Operational continuity will be a key requirement during the transition of Hyderabad Metro Phase-I. L&T Metro Rail Hyderabad, the concessionaire, has extended Keolis’ Operations and Maintenance (O&M) contract until November 2026. With this timeline in place, the Government of Telangana will need to prepare a structured transition plan for taking over O&M responsibilities. The plan should ensure that system safety standards are maintained, technical expertise is retained, and trained staff are absorbed without disruption. It will also be necessary to prevent any interruption to passenger services while establishing long-term institutional arrangements for operations.
- Managing Operating Costs and Revenue Gaps
The Hyderabad Metro continues to face a gap between operating costs and farebox revenue. Electricity expenses, staffing, and maintenance create a large recurring cost structure. The upcoming model must include a more predictable revenue model built on non-fare income streams such as station retail, advertisements, property leasing, and real estate development. However, these sources require structured contracts, market-linked pricing, and efficient management. It is imperative to work on these segments to reduce dependence on fare hikes, which remain politically sensitive.
- Multimodal Integration
The long-term success of the metro depends on connecting it effectively with buses, MMTS, intermediate public transport (IPT), and other mobility systems. Authorities need to implement integrated ticketing, physical interchange facilities, and coordinated route planning to ensure balanced passenger distribution. Without these improvements, the metro may continue to face uneven ridership high loads in IT corridors and low usage in residential belts.
Conclusion
The Hyderabad Metro project has reached a critical stage where expansion plans under Phase 2A and Phase 2B are moving forward while unresolved liabilities of approximately ₹13,000 crore from Phase 1 remain a major barrier. Until this liability is formally absorbed, refinanced, or restructured, it will be difficult for the implementing agencies to secure new loans or multilateral funding for the next phase of the network.

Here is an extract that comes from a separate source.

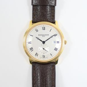 800 / 1 000 €FREDERIQUE CONSTANT : Montre sur bracelet en or 750 mil. Boîtier rond à lunette godronnée. (Diam. : 4 cm environ). Cadran gris à chiffres romains. Guichet pour les secondes et un guichet dateur à 3 H. Signée et numérotée. Mouvement à quartz. Bracelet en cuir marron à boucle ardillon en métal doré. (Tour de poignet : 19 à 22 cm environ).
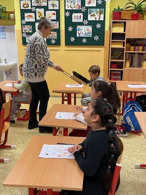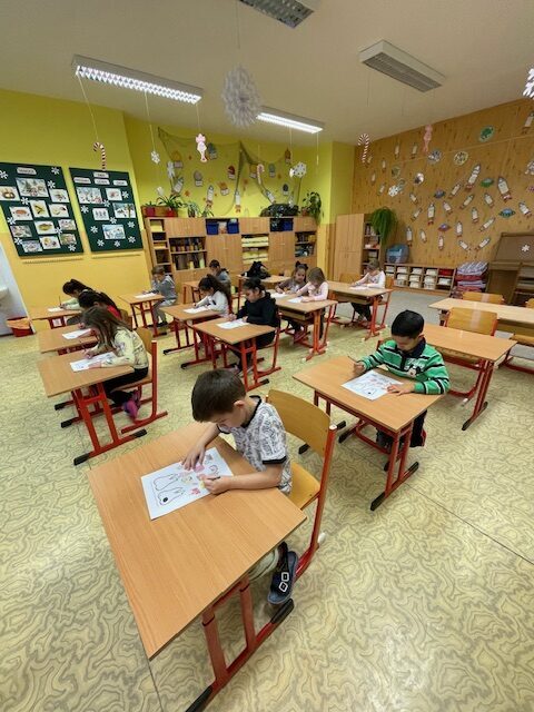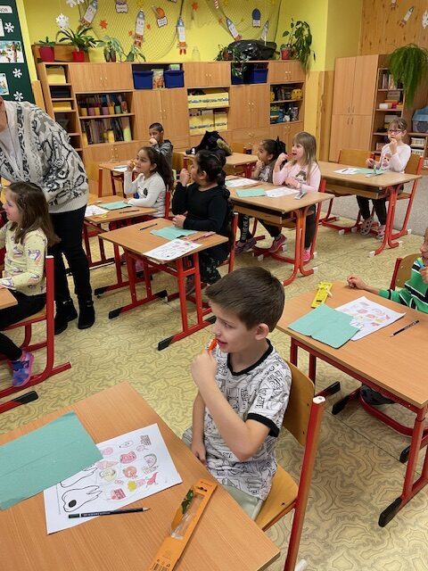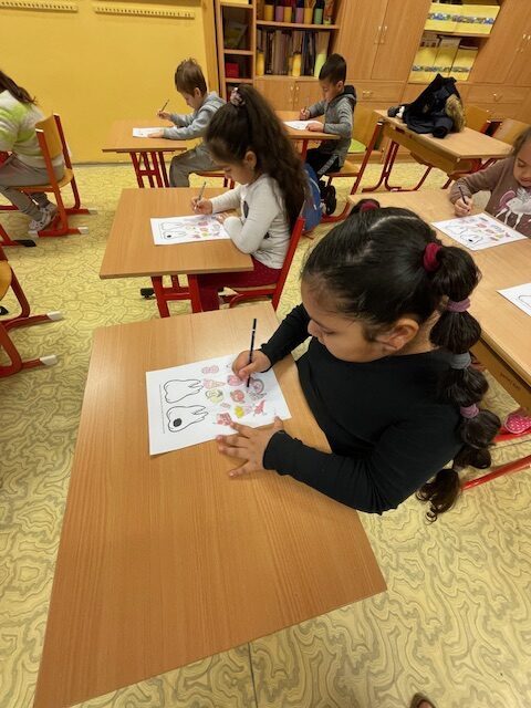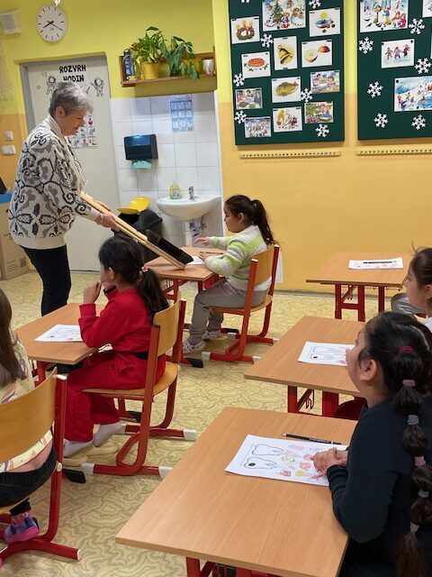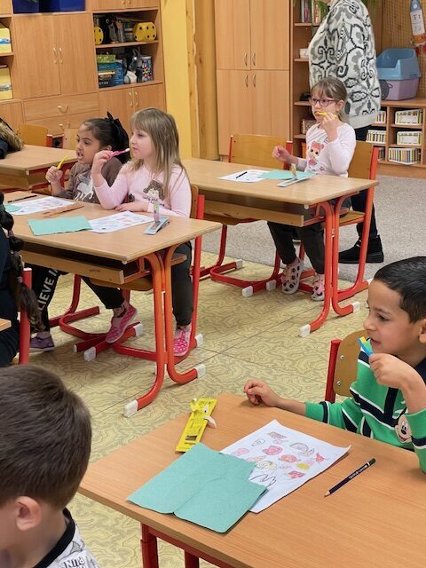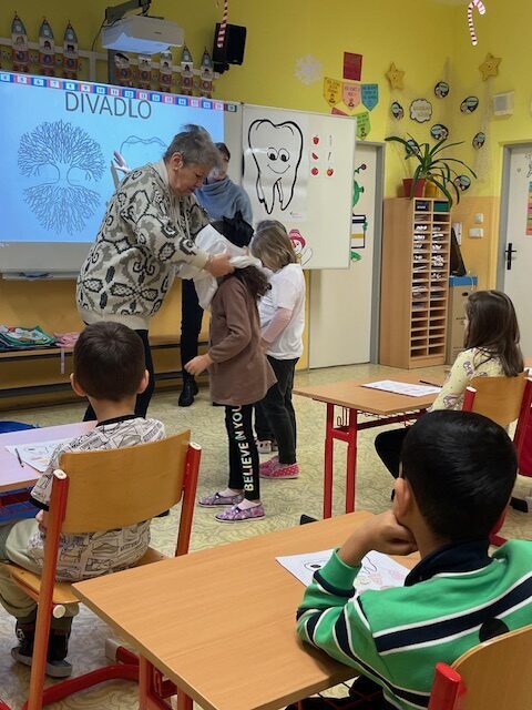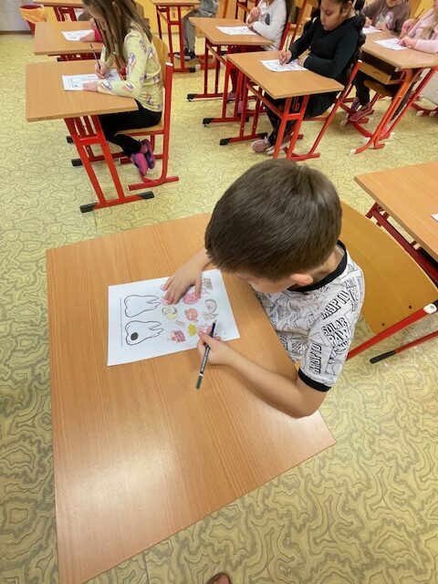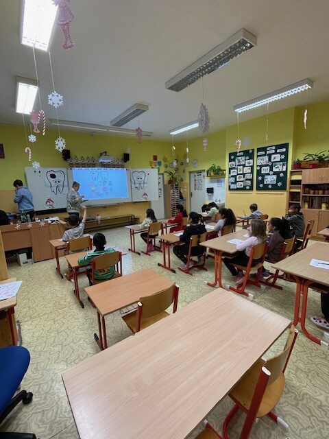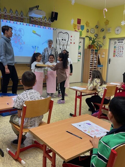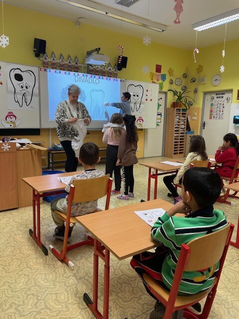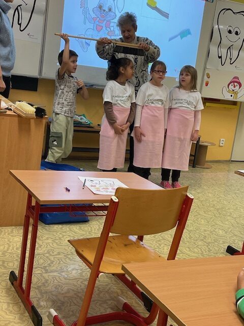 Dnes za námi opět přišly dvě paní zubařky, abychom si připomněli, co jsme se naučili při minulém setkání a také něco nového. Už víme, co je zubní nit a mezizubní kartáček. Jednoduchou hrou s maxi kartáčkem jsme čistili zoubky, které představovali 3 převlečení žáci. Určovali jsme, které potraviny zoubkům škodí a které jsou zdravé. V další části jsme si podle pokynů paní zubařky vyčistili už opravdovým kartáčkem naše vlastní zoubky.

A key procedural challenge is the closure of the existing Concessionaire Agreement (CA) between L&T Metro Rail Hyderabad and the Government of Telangana. Senior officials from both sides acknowledge that the legal processes involved will be lengthy, particularly in areas related to termination conditions, compensation, asset transfer, and lender protections. These steps will need to be completed before ownership, operations, and financial responsibilities can be fully shifted to the State.
The overall progress of Hyderabad Metro in the coming years will depend on how efficiently the State is able to resolve Phase-I liabilities, complete the legal closure of the concession, secure long-term refinancing, and establish a stable operational framework. The effective handling of these components will determine the viability of Phase-II implementation and the long-term sustainability of the metro system.